Je confirme que la délivrance du permis de construire doit être précédée d'une étude de son impact sur la faune et la flore pendant quatre saisons, dès lors qu'on évoque des équipements de grande envergure.
Nous ne sommes pas opposés à la régulation. Les tarifs sont déjà dégressifs en fonction de la puissance, une installation au sol produisant par nature plus d'énergie qu'un équipement intégré au bâti. Je vous rappelle qu'il y a trois tarifs : pour la toiture chez les particuliers, de puissance inférieure ou égale à trois kilowatts crête ; l'installation intégrée au bâti d'une puissance comprise entre 3 et 250 kilowatts crête ; enfin le tarif le moins cher, à 27,60 euros le kilowattheure, pour plus de 250 kilowatts. Il s'agit, dans ce dernier cas, d'installations au sol.
L'augmentation du tarif de l'électricité traduit une réalité économique. EDF ne peut pas constituer des provisions pour financer le remplacement de la cinquantaine de ses réacteurs nucléaires sans qu'il y ait un impact sur le consommateur. Il est évident que ce « mur nucléaire », évalué à 200 milliards d'euros, fera augmenter le tarif français, qui est le plus bas d'Europe, d'au moins 3 % par an. Il a déjà bondi de 7,22 % cette année. Cette évolution tarifaire est conforme à l'objectif de parité réseau que se fixent les énergies renouvelables.
On estime aujourd'hui que 10 % des 422 mégawatts de puissance installée – ce qui correspond à la consommation de 230 000 ménages – sont produits par des particuliers. Le crédit d'impôt vise précisément à favoriser l'investissement des ménages. Je rappelle que le développement du photovoltaïque traduit une prise de conscience collective, celle de la nécessité de réduire la consommation finale, et répond à un des objectifs du Triple 20, renforcé par la décision de porter à 23 % la part des énergies renouvelables dans le bouquet énergétique français.
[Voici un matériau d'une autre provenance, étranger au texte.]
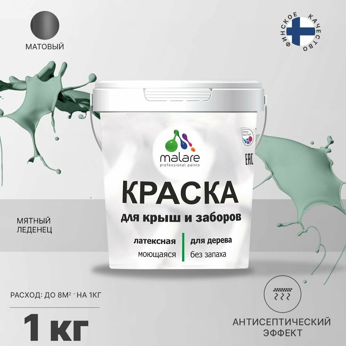 Краска Malare для деревянного забора, для крыши из шифера, для деревянных и минеральных поверхностей, с антисептическим эффектом, быстросохнущая, без запаха, матовая, мятный леденец, 1 кг.
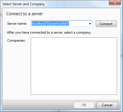 This pops up the Select Server and Company dialog: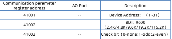 A ② :Use third-party software Modbus Poll, follow chapter “ Description of Definition for Registers”, Read the data from registers 41001, 41002 and 41003, which represent device addresses (1-31), communication baud rate of 9600 and Check bit(0 none;1-odd;2-even). Modify the module communication parameters according to the description in the "Instructions" column. After power failure and restart, the set parameters take effect. (Station number 41001 displays the station number set by the current dip switch. If software is required to set the station number, the dip switches 1/2/3/4/5 must be placed in the OFF position.)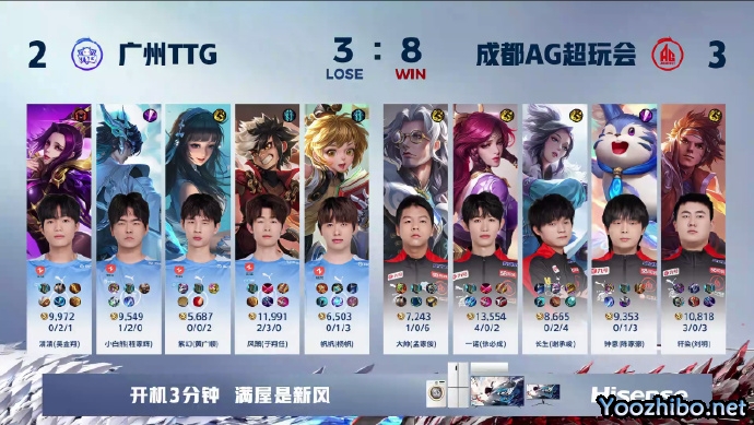 第二局,TTG这把一直在冲一诺的孙尚香,最后的两波团战出现了脱节的情况。AG借机反打拿到经济优势,最后一波直接推掉了TTG的水晶。AG连下两局先到赛点!本局MVP为AG一诺(徐必成)孙尚香!

L'instauration de quotas est un vrai débat. Si on instaure un contingentement de 500 mégawatts en laissant 100 mégawatts sur le sol, on favorise un seul acteur, et non toute une filière. Les 300 mégawatts en file d'attente d'EDF EN bénéficient d'ores et déjà d'un permis de construire ; ils sont prêts à être raccordés. Étant données les relations privilégiées que cette société entretient avec EDF, qui détient 50 % de son capital, on peut craindre qu'elle n'occupe une position de monopole.
En ce qui concerne la proposition de dégressivité des tarifs, nous proposons la mise en place d'un mécanisme d'indexation des tarifs sur l'évolution des coûts d'installation des panneaux et de la main-d'oeuvre. Les coûts d'installation ont baissé de 30 % ces quatre dernières années alors que l'ensemble des tarifs a diminué de 44 % en six mois. Une meilleure corrélation serait bienvenue.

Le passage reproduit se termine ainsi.